Cause. On provider versions ≤ v0.14.1, the VM's CDROM was attached with UEFI boot order=1000 and the root disk with order=1001. bhyve's UEFI boot manager tries the entry with the lowest order first, so on every reboot UEFI re-entered the Talos ISO instead of the disk. The initial install worked because the disk was empty on first boot, but once Talos was installed any reboot (manual stop, TrueNAS restart, host reboot) re-entered the ISO — and the ISO's talos.halt_if_installed=1 kernel parameter halts the boot as a safeguard against overwriting an existing installation.

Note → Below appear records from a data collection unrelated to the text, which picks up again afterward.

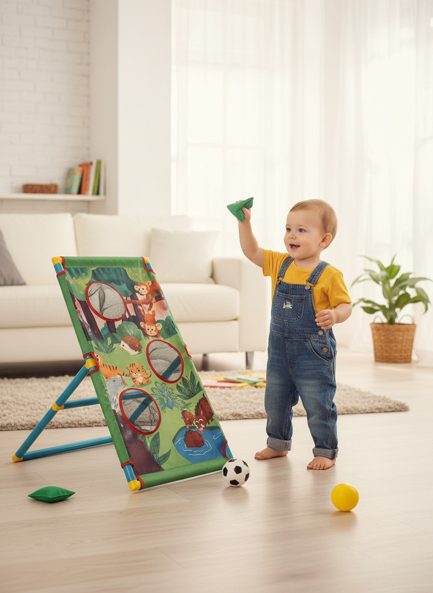 الطفل بيحاول يرمي كرات القماش الصغيرة (Sandbags) على اللوحة ويصيب الدواير أو الأهداف المختلفة. كل هدف ليه درجة معينة، والطفل يحاول يجيب أكبر عدد من النقاط.
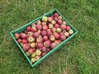 Das Bild zeigt einen geflochtenen Korb mit Äpfeln auf dem ApfelGut Erfurt. Es gelten die Nutzungsbedingungen der Mediothek und Pixiothek.
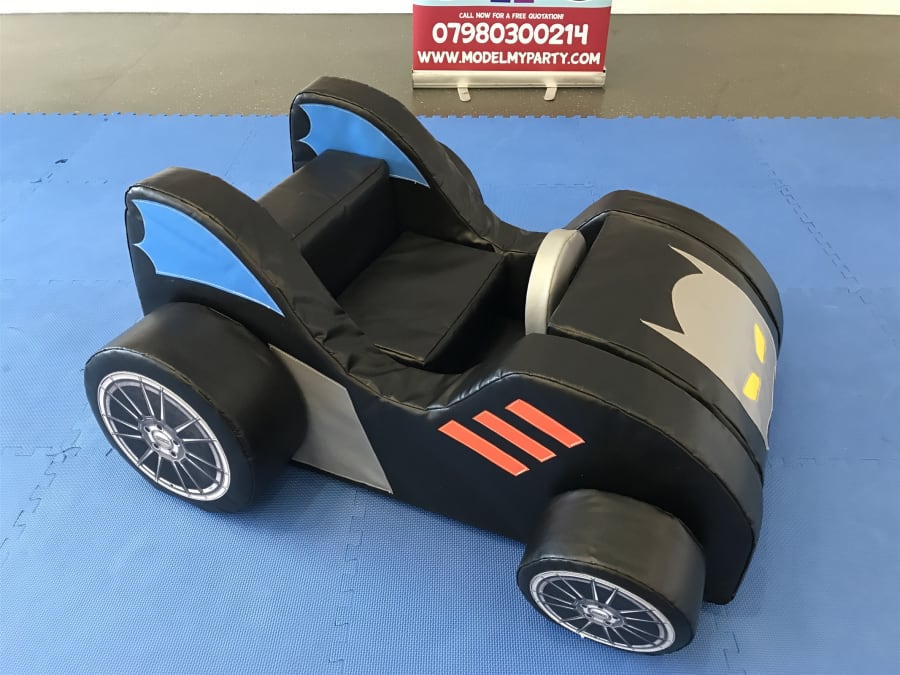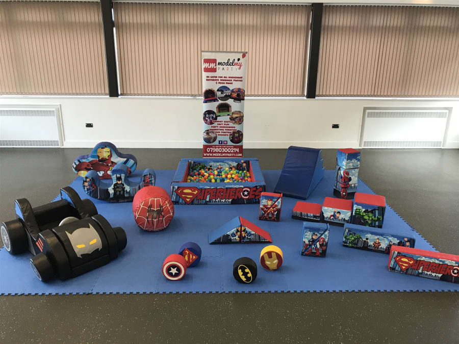 Superhero Ball Pit, 1 Spiderman Ball, 1 Batmobile, 1 Foam Slide, 4 Stepping Stones, 1 Batman Double Rocker, 3 Spiderman Blocks, 1 Ironman Rocker, Hulk Big Block, Superman Block, 2 Foam Banners, 6 Triangle Slices (Ironman, Captain America & Wolverine)
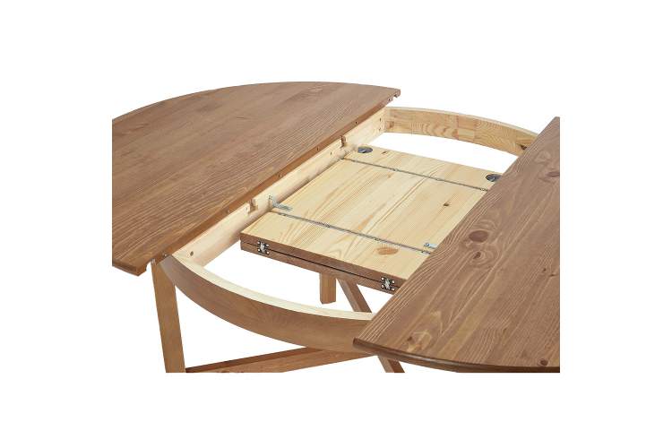 Раздвижной круглый кухонный стол Кантри в стиле Хемнэс Икеа. Это прекрасное решение для кухни или гостиной, которое внесет в комнату волшебную атмосферу комфорта и с легкостью соберет всю семью за обедом или праздничным ужином. Раздвижная конструкция обеденного деревянного стола позволяет комфортно разместить до 8 человек. Обеденный стол изготовлен из массива сосны.
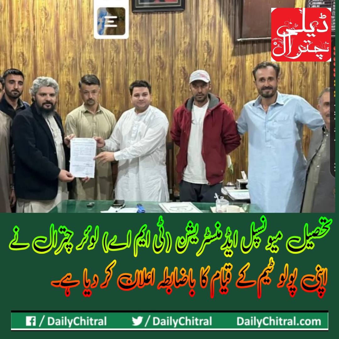 تحصیل میونسپل ایڈمنسٹریشن (ٹی ایم اے) لوئر چترال نے اپنی پولو ٹیم کے قیام کا باضابطہ اعلان کر دیا
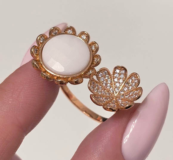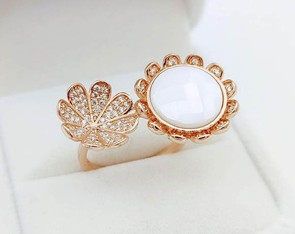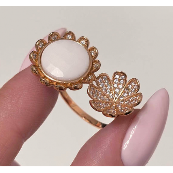 Гипоаллергенная бижутерия. Ювелирный сплав, покрытие выполнено из золота 585 пробы, вставки — керамика и фианиты. Размер: 18. Осталось 1 кольцо.
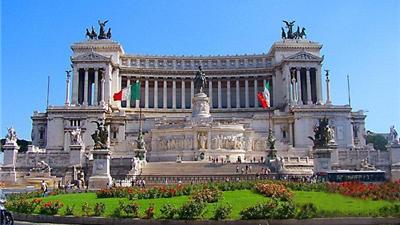 維克多·埃曼紐爾二世紀念堂:坐南朝北俯視著廣場,是威尼斯廣場上最醒目的建筑,即使在羅馬這樣充滿宏偉建筑的城市,也算是相當(dāng)巨大的工程了。因為造型和顏色的關(guān)系,紀念堂被戲稱為“結(jié)婚蛋糕”或“打字機”。這座白色

Fix for existing VMs — bump the CDROM order above the root disk's order (1000). Recommended value: 1500.

TrueNAS UI:

  1. Virtualization > Virtual Machines > your VM > Devices
  2. Edit the CDROM device
  3. Change Device Order from 1000 to 1500
  4. Save, then start the VM

TrueNAS shell (faster if you have many VMs):

# Find the CDROM device ID for a VM (replace <VM_ID>)
midclt call vm.device.query '[["vm","=",<VM_ID>]]' | jq '.[] | select(.attributes.dtype=="CDROM") | {id, order}'

# Update the order
midclt call vm.device.update <CDROM_DEVICE_ID> '{"order": 1500}'

# Start the VM
midclt call vm.start <VM_ID>

Fix for new VMs — upgrade the provider to a version that includes the correct boot order (root disk = 1000, additional disks = 1001+, CDROM = 1500, NIC = 2001). New VMs provisioned after the upgrade boot correctly without manual intervention.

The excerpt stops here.